Daisy sighed. “His philosophy is actually pretty simple. Completely backwards, but still pretty simple,” she said. “He believes that since people are ruining the Earth with their big cars and oil spills, their endless garbage and high energy consumption, that we shouldn’t bother to he
lp them anymore. He thinks they should get what they deserve, and we shouldn’t try to steer their hurricanes off course or slow their tornadoes. He believes that nature should have a chance to fight back.”
Ruby nodded.
“He’s not the only one who feels that way, of course. But he’s the only one who’s taken it a step further.”
“How?”
Daisy’s face was drawn. “Rather than slow the destruction, or even just stand aside and do nothing, he believes that Storm Makers should actually be helping it along. Teaching everyone a lesson. It’s the reason I left the Society, and why I didn’t want to be involved anymore. I mean, if my dad could have seen—”
“But you are now,” Ruby interrupted. “You’re involved again. Because of us.”
Daisy hesitated a moment, then nodded. “I guess I needed some time to catch up. You have to realize how fast everything changed. My father died, and London took over. Otis disappeared, and the fire—” She stopped abruptly, sucking in a breath. “Never mind. All I’m saying is that I realize now that I was wrong. Simon showing up, and Otis coming back—it’s helped me understand that you can’t hide from this kind of thing, you know? It’s like the weather itself. Sometimes you just have to face the storm.”
“I guess,” Ruby said, fishing a tissue from her pocket, which she held out as an offering. But Daisy shook her head, wiping her eyes roughly with the back of her hand instead.
“I’m not crying.”
Ruby lowered the tissue again, nodding agreeably.

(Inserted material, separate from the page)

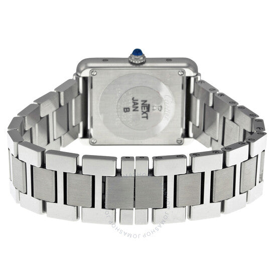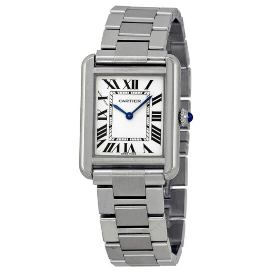 علبة من الفولاذ المقاوم للصدأ مع سوار من الفولاذ المقاوم للصدأ. إطار ثابت من الفولاذ المقاوم للصدأ. ميناء فضي مُعقّم بعقارب زرقاء على شكل سيف وعلامات ساعات رومانية سوداء. علامات دقائق حول الحلقة الداخلية. نوع الميناء: تناظري. عقارب وعلامات ميناء مضيئة. حركة كوارتز. زجاج ياقوت مقاوم للخدش. تاج قابل للسحب/الدفع. غطاء خلفي صلب. أبعاد العلبة: ٣١ مم × ٢٤ مم. سُمك العلبة: ٥.٥٥ مم. شكل العلبة مربع. عرض السوار: ١٦ مم. مشبك قابل للطي. مقاومة للماء حتى عمق ٣٠ مترًا / ١٠٠ قدم. الوظائف: الساعات، الدقائق. تصميم ساعة فاخرة. علامة الساعة: صناعة سويسرية. ساعة كارتييه تانك سولو صغيرة W5200013.

“I never cry,” Daisy said with a little scowl, and despite the way her eyes were shining at the moment, Ruby believed her. Daisy seemed tough in ways that were impossible to imagine, ways that could only be a result of things seen and survived.
As they neared the others, it was clear from Simon’s expression that they were talking about the very same subject. Except where Ruby had been stunned, Simon seemed to be defiant, his face set stubbornly, his eyes flashing.